I was glad that we’d spent the night at Twain instead of leaving the day we arrived.  Just because my armor regulated my temperature didn’t mean that my head wasn’t exposed to the elements.  The temperature in the expanded cave system was about the same as outside.  And it wasn’t nearly as bright as it would be this time of day back home.

Scion hadn’t just done direct damage to Earth Bet.  There had been the indirect damage to the environment that he’d done with the large paths his beams had cut into the soil.  Those particles had been insanely small and had been flung up into the atmosphere, causing the entire planet to cool.

Back in Gimmel it would be blisteringly hot.  Here in Bet, it was in the sixties.  I was thankful that I wouldn’t be here in the winter.

For a while, it had actually been a lot worse, but about six or seven years ago, it had suddenly started to get better.  Nobody that I’d talked to knew the real reason, but I figured there was some parahuman somewhere that was working to filter those particles out of the upper atmosphere.

I poked my head out of the cover as we left the bay, taking a look at that great wall.  Batteries of ballistic and beam weapons loomed overhead, pointing south.  I’d read about these batteries.  At least one of those types of turrets could put over two and a half million rounds per minute downrange if fired continuously.  They didn’t, because usually a volley lasting hundredth of a second could tear almost anything to shreds, even if you were doing a quick sweep with it.  It took forever to reload, and someone had to collect all the bullets to recast.

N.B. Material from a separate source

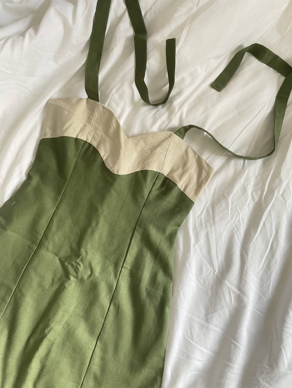 Chasing the sea dress is a duotone dress that features a wave neckline, two-side pockets, and an adjustable tie strap carefully handcrafted by artisans.

Not that the energy weapons were much better.  When a superpack of wildlings approached, I didn’t even want to imagine the power draw.  The targeting system alone must have required more juice than Burlington used in a year.  Even if the hail of bullets hadn’t scoured the local landscape, the thermal bleedoff of the energy weapons hitting their targets would have done it eventually.

What I was most surprised by was the lack of wildling corpses.  I pitied the poor people who must have collected them, and wondered a bit what they did with them.

There wasn’t any point in dwelling on it, though.  Instead, I ducked back into the wagon and set about spreading the map out onto some crates, weighing it down.  We had the addresses, we had the maps, and now all that I needed to do was get an approximation of where they were on the maps so I could plan our route.

The more that I could plan in advance, the more good it would do us in the long run.  If I could find the perfect route to take us to each of the locations that we had to hit, then we’d be able to do this with as few encounters as possible.  If I could do that, then our chances of coming through this without being hurt went up  that much more.

The stick collided against my halberd’s shaft, and rather than have the shaft absorbed the blow, I moved to deflect it away easily.  By controlling how the stick moved, I could control where it went.  Already, Sarah was open to counterattack, but that wasn’t what we were focusing on.  I was purely on the defense as she spun around (leaving her back open to me in a foolish move) to do another powerful swing.  I ducked it easily and gave up a little ground.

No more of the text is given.